*Assigned task:*
Print all the records below, word for word and in full.

☆ ☆ ☆ ☆

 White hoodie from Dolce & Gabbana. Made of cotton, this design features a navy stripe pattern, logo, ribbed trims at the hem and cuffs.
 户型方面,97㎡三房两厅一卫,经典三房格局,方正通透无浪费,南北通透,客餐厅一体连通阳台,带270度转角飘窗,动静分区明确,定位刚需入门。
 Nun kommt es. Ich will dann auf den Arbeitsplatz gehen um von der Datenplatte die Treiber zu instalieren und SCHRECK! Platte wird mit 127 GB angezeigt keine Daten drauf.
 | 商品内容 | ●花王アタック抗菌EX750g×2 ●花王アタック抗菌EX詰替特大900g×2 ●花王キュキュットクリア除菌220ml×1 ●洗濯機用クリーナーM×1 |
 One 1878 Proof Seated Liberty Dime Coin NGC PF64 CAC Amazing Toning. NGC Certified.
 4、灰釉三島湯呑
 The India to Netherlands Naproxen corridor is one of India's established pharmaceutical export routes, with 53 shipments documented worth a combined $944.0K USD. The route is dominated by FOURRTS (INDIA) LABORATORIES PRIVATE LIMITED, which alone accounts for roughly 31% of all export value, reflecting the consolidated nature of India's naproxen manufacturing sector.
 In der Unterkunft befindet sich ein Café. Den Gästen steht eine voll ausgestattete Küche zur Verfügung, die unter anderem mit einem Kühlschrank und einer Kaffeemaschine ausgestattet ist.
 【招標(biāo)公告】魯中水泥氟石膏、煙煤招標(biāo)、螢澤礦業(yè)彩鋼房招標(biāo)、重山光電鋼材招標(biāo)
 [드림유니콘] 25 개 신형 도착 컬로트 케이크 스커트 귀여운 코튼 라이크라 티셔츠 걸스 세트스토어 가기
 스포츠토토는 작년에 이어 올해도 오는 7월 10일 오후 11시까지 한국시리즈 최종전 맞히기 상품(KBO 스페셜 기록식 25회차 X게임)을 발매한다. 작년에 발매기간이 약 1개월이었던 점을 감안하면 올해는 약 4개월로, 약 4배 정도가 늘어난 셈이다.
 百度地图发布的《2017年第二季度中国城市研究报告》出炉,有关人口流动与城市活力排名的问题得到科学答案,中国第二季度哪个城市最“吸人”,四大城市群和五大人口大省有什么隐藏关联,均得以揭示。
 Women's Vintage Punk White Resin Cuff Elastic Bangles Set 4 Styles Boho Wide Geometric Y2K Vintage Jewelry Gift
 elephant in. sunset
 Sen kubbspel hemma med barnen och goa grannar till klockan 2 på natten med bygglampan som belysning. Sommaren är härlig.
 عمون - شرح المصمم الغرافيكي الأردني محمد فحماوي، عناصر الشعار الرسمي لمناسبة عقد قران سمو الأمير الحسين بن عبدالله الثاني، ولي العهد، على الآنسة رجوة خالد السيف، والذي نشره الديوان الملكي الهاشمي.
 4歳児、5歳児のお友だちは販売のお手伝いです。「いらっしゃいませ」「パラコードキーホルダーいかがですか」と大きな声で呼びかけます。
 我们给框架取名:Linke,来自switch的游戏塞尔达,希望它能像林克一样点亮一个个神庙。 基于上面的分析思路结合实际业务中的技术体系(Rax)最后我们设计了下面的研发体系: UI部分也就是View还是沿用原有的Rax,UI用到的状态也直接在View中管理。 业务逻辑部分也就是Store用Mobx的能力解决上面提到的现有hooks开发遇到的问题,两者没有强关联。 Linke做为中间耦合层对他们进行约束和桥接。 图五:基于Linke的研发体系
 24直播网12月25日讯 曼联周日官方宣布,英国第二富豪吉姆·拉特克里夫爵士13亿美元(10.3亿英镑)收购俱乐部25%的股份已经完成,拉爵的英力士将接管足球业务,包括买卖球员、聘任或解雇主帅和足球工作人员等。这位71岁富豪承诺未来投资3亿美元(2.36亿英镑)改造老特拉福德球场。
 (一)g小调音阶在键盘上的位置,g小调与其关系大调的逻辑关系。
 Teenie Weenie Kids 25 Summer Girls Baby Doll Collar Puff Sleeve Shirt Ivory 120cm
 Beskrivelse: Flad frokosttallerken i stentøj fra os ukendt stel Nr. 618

☆ ☆ ☆ ☆

*Finished task:*
 White hoodie from Dolce & Gabbana. Made of cotton, this design features a navy stripe pattern, logo, ribbed trims at the hem and cuffs.
 户型方面,97㎡三房两厅一卫,经典三房格局,方正通透无浪费,南北通透,客餐厅一体连通阳台,带270度转角飘窗,动静分区明确,定位刚需入门。
 Nun kommt es. Ich will dann auf den Arbeitsplatz gehen um von der Datenplatte die Treiber zu instalieren und SCHRECK! Platte wird mit 127 GB angezeigt keine Daten drauf.
 | 商品内容 | ●花王アタック抗菌EX750g×2 ●花王アタック抗菌EX詰替特大900g×2 ●花王キュキュットクリア除菌220ml×1 ●洗濯機用クリーナーM×1 |
 One 1878 Proof Seated Liberty Dime Coin NGC PF64 CAC Amazing Toning. NGC Certified.
 4、灰釉三島湯呑
 The India to Netherlands Naproxen corridor is one of India's established pharmaceutical export routes, with 53 shipments documented worth a combined $944.0K USD. The route is dominated by FOURRTS (INDIA) LABORATORIES PRIVATE LIMITED, which alone accounts for roughly 31% of all export value, reflecting the consolidated nature of India's naproxen manufacturing sector.
 In der Unterkunft befindet sich ein Café. Den Gästen steht eine voll ausgestattete Küche zur Verfügung, die unter anderem mit einem Kühlschrank und einer Kaffeemaschine ausgestattet ist.
 【招標(biāo)公告】魯中水泥氟石膏、煙煤招標(biāo)、螢澤礦業(yè)彩鋼房招標(biāo)、重山光電鋼材招標(biāo)
 [드림유니콘] 25 개 신형 도착 컬로트 케이크 스커트 귀여운 코튼 라이크라 티셔츠 걸스 세트스토어 가기
 스포츠토토는 작년에 이어 올해도 오는 7월 10일 오후 11시까지 한국시리즈 최종전 맞히기 상품(KBO 스페셜 기록식 25회차 X게임)을 발매한다. 작년에 발매기간이 약 1개월이었던 점을 감안하면 올해는 약 4개월로, 약 4배 정도가 늘어난 셈이다.
 百度地图发布的《2017年第二季度中国城市研究报告》出炉,有关人口流动与城市活力排名的问题得到科学答案,中国第二季度哪个城市最“吸人”,四大城市群和五大人口大省有什么隐藏关联,均得以揭示。
 Women's Vintage Punk White Resin Cuff Elastic Bangles Set 4 Styles Boho Wide Geometric Y2K Vintage Jewelry Gift
 elephant in. sunset
 Sen kubbspel hemma med barnen och goa grannar till klockan 2 på natten med bygglampan som belysning. Sommaren är härlig.
 عمون - شرح المصمم الغرافيكي الأردني محمد فحماوي، عناصر الشعار الرسمي لمناسبة عقد قران سمو الأمير الحسين بن عبدالله الثاني، ولي العهد، على الآنسة رجوة خالد السيف، والذي نشره الديوان الملكي الهاشمي.
 4歳児、5歳児のお友だちは販売のお手伝いです。「いらっしゃいませ」「パラコードキーホルダーいかがですか」と大きな声で呼びかけます。
 我们给框架取名:Linke,来自switch的游戏塞尔达,希望它能像林克一样点亮一个个神庙。 基于上面的分析思路结合实际业务中的技术体系(Rax)最后我们设计了下面的研发体系: UI部分也就是View还是沿用原有的Rax,UI用到的状态也直接在View中管理。 业务逻辑部分也就是Store用Mobx的能力解决上面提到的现有hooks开发遇到的问题,两者没有强关联。 Linke做为中间耦合层对他们进行约束和桥接。 图五:基于Linke的研发体系
 24直播网12月25日讯 曼联周日官方宣布,英国第二富豪吉姆·拉特克里夫爵士13亿美元(10.3亿英镑)收购俱乐部25%的股份已经完成,拉爵的英力士将接管足球业务,包括买卖球员、聘任或解雇主帅和足球工作人员等。这位71岁富豪承诺未来投资3亿美元(2.36亿英镑)改造老特拉福德球场。
 (一)g小调音阶在键盘上的位置,g小调与其关系大调的逻辑关系。
 Teenie Weenie Kids 25 Summer Girls Baby Doll Collar Puff Sleeve Shirt Ivory 120cm
 Beskrivelse: Flad frokosttallerken i stentøj fra os ukendt stel Nr. 618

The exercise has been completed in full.